Top of RECORDS FOR PROCESSING

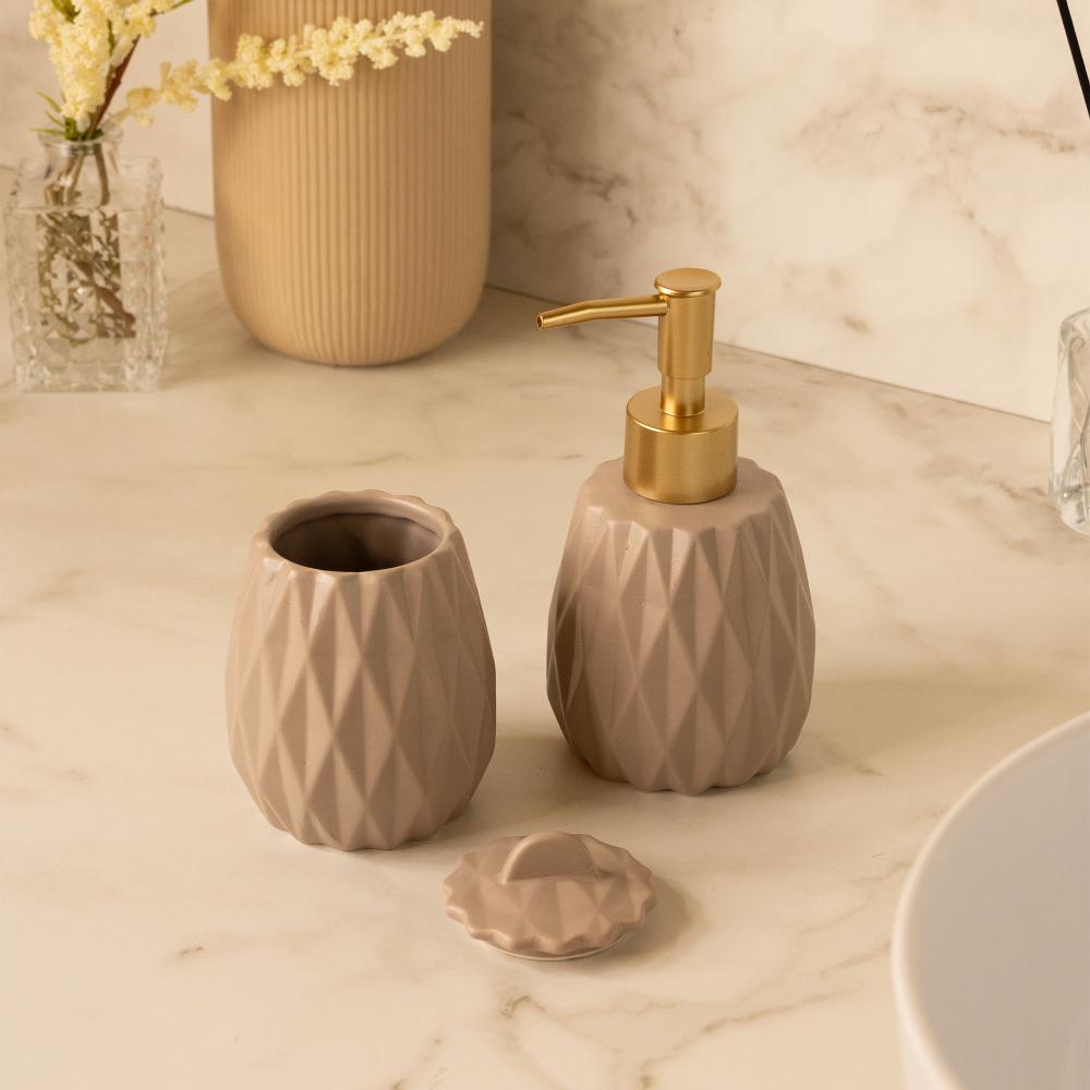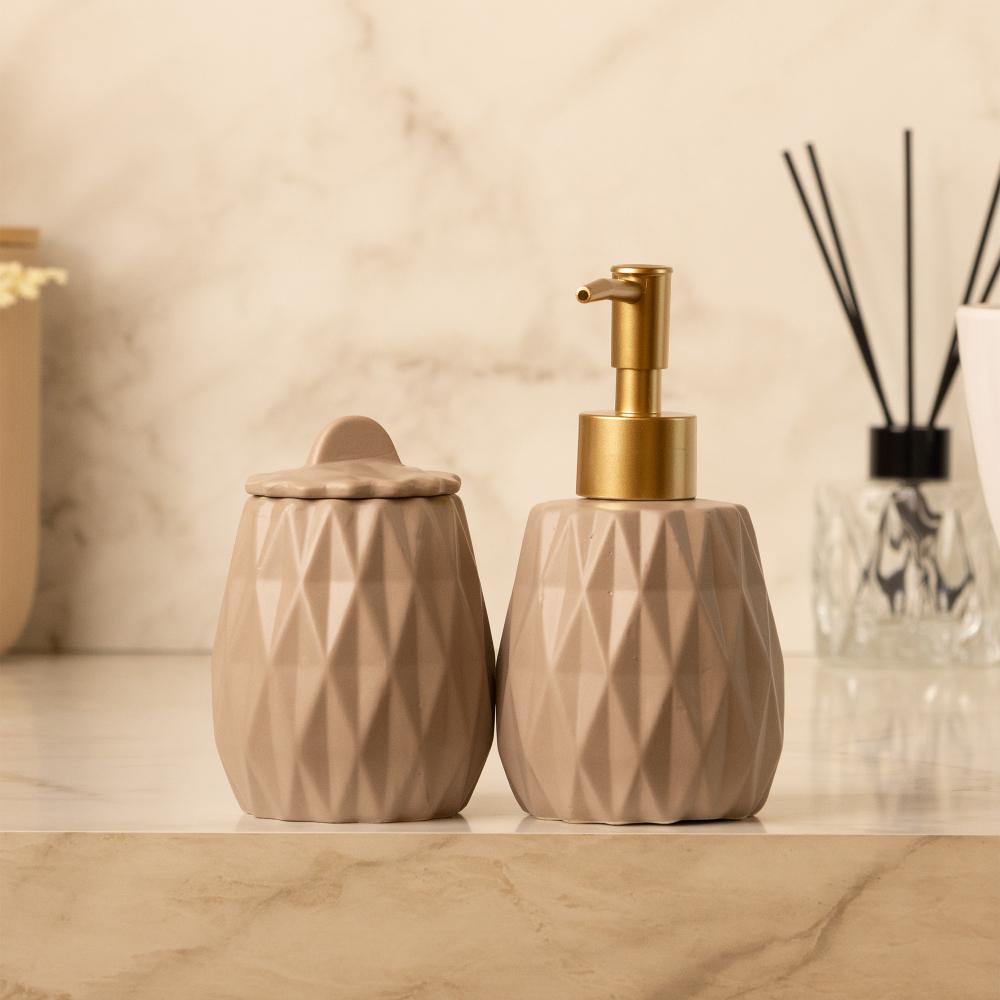 Conjunto 2 Peças para Banheiro Lyor Ananás BegeConjunto 2 Peças para Banheiro Ananás Bege Cerâmica - LyorAdicione charme e organização ao seu lavabo.O Conjunto Ananás Lyor é a solução perfeita para organizar sua bancada com sofisticação. O design geométrico texturizado, inspirado no abacaxi, e a cor bege suave trazem um toque moderno e aconchegante para o ambiente.Design Geométrico AnanásO corpo das peças possui um relevo facetado inspirado no abacaxi, adicionando uma textura moderna e um charme único.Organização CompletaInclui um porta sabonete líquido com dosador dourado e um pote com tampa, ideal para algodão ou cotonetes.Material de QualidadeFabricado em cerâmica, garante peso, estabilidade e durabilidade, ideal para o uso diário em ambientes úmidos.Cor Bege VersátilA tonalidade neutra e aconchegante se integra facilmente a diversos estilos de decoração de banheiro.A Lyor oferece soluções completas para tornar seu lar mais charmoso e funcional. Nossas peças são pensadas para quem busca praticidade e beleza no dia a dia.Contém: Jogo de BanheiroMedidas Produto: Altura 12,40cm x Largura 7,90cm x Comprimento 15,50cmPeso: 0,37KgLavar com detergente neutro, esponja macia e secar imediatamente.
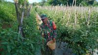 Babinsa Dasuk Serka Wahyono Bantu Warga Panen Tomat di Desa Binaan
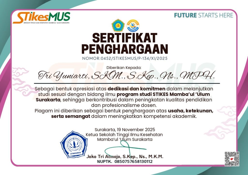 Sebagai bagian dari komitmen dalam meningkatkan mutu sumber daya manusia dan kualitas pendidikan tinggi, STIKES Mamba’ul ‘Ulum Surakarta (STIKESMUS) memberikan Piagam Penghargaan kepada dosen yang melaksanakan studi lanjut sesuai dengan bidang ilmu program studi. Pemberian penghargaan ini ditetapkan melalui Surat Keputusan Ketua STIKESMUS tertanggal 19 November 2025.
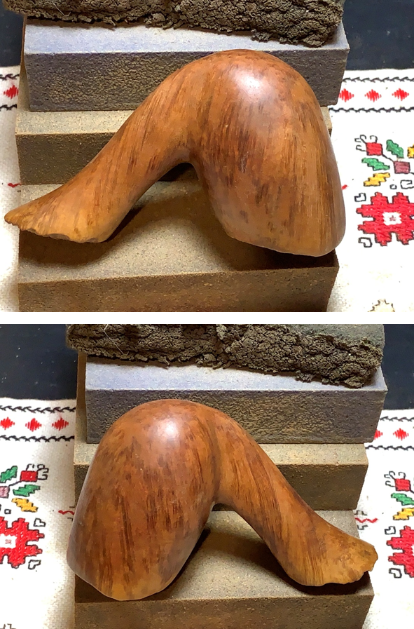 The briar is down to the natural presentation with no finish. There are rough spots on the left side of the stummel that need sanding.
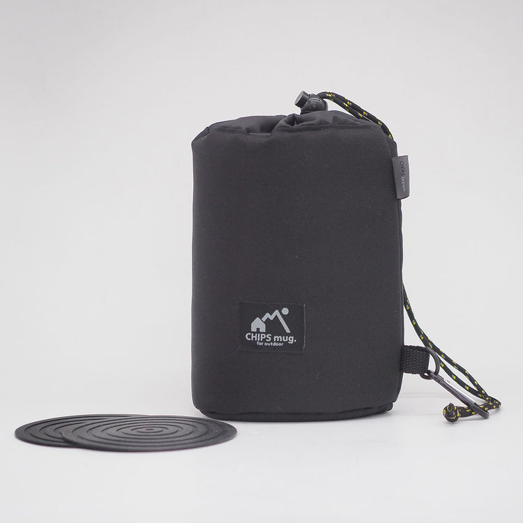 This pouch holds two chip stacks. The resilient material protects what's inside, making it perfect for carrying your ceramic mugs. A strong ally for those who want to use their favorite mugs both outside and inside! The silicone coaster can be used not only as a coaster, but also as a lid to keep insects away when outdoors. When stored, use it as a buffer to prevent two mugs from colliding with each other. Chips Stack Pouch (with 2 silicone coasters) *Stacked mugs are sold separately.
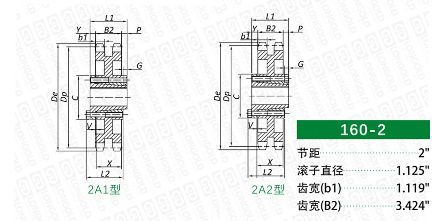 上圖為160-2 QD孔鏈輪的結構圖。
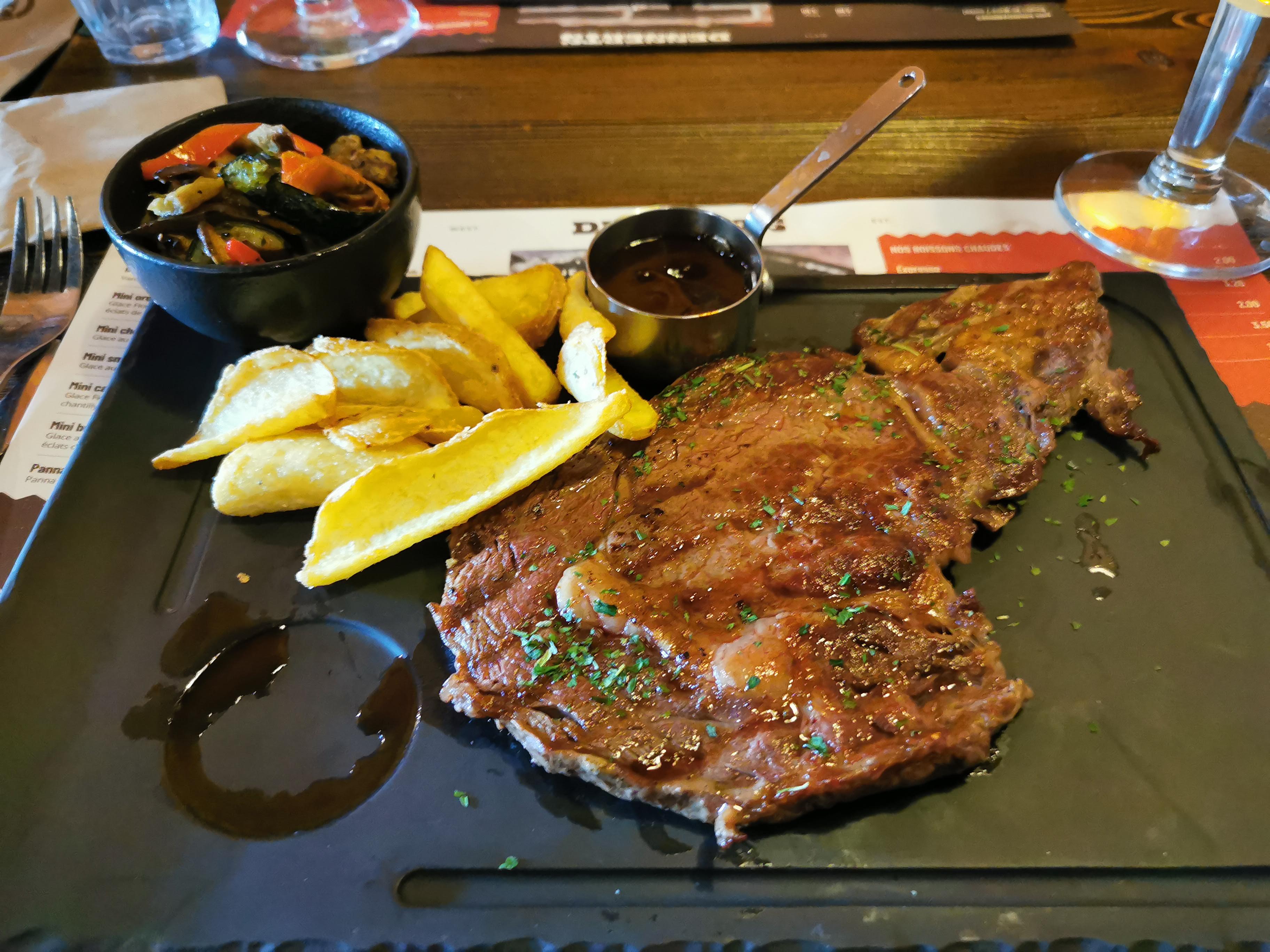 J'ai été assez déçu par les quantités : mon entrecôte de 350g était très fine, je n'avais pas de balance mais on devait être loin des 350g annoncés. Les quelques frites dans mon assiette n'ont pas compensé... En plus, le service a été un peu long ce jour là, mais le personnel était sympathique tout de même.

Bottom of RECORDS FOR PROCESSING

**YOUR INSTRUCTIONS:** Restate all of the data word for word and include no pictures.

**RESPONSE AREA:**
 Conjunto 2 Peças para Banheiro Lyor Ananás BegeConjunto 2 Peças para Banheiro Ananás Bege Cerâmica - LyorAdicione charme e organização ao seu lavabo.O Conjunto Ananás Lyor é a solução perfeita para organizar sua bancada com sofisticação. O design geométrico texturizado, inspirado no abacaxi, e a cor bege suave trazem um toque moderno e aconchegante para o ambiente.Design Geométrico AnanásO corpo das peças possui um relevo facetado inspirado no abacaxi, adicionando uma textura moderna e um charme único.Organização CompletaInclui um porta sabonete líquido com dosador dourado e um pote com tampa, ideal para algodão ou cotonetes.Material de QualidadeFabricado em cerâmica, garante peso, estabilidade e durabilidade, ideal para o uso diário em ambientes úmidos.Cor Bege VersátilA tonalidade neutra e aconchegante se integra facilmente a diversos estilos de decoração de banheiro.A Lyor oferece soluções completas para tornar seu lar mais charmoso e funcional. Nossas peças são pensadas para quem busca praticidade e beleza no dia a dia.Contém: Jogo de BanheiroMedidas Produto: Altura 12,40cm x Largura 7,90cm x Comprimento 15,50cmPeso: 0,37KgLavar com detergente neutro, esponja macia e secar imediatamente.
 Babinsa Dasuk Serka Wahyono Bantu Warga Panen Tomat di Desa Binaan
 Sebagai bagian dari komitmen dalam meningkatkan mutu sumber daya manusia dan kualitas pendidikan tinggi, STIKES Mamba’ul ‘Ulum Surakarta (STIKESMUS) memberikan Piagam Penghargaan kepada dosen yang melaksanakan studi lanjut sesuai dengan bidang ilmu program studi. Pemberian penghargaan ini ditetapkan melalui Surat Keputusan Ketua STIKESMUS tertanggal 19 November 2025.
 The briar is down to the natural presentation with no finish. There are rough spots on the left side of the stummel that need sanding.
 This pouch holds two chip stacks. The resilient material protects what's inside, making it perfect for carrying your ceramic mugs. A strong ally for those who want to use their favorite mugs both outside and inside! The silicone coaster can be used not only as a coaster, but also as a lid to keep insects away when outdoors. When stored, use it as a buffer to prevent two mugs from colliding with each other. Chips Stack Pouch (with 2 silicone coasters) *Stacked mugs are sold separately.
 上圖為160-2 QD孔鏈輪的結構圖。
 J'ai été assez déçu par les quantités : mon entrecôte de 350g était très fine, je n'avais pas de balance mais on devait être loin des 350g annoncés. Les quelques frites dans mon assiette n'ont pas compensé... En plus, le service a été un peu long ce jour là, mais le personnel était sympathique tout de même.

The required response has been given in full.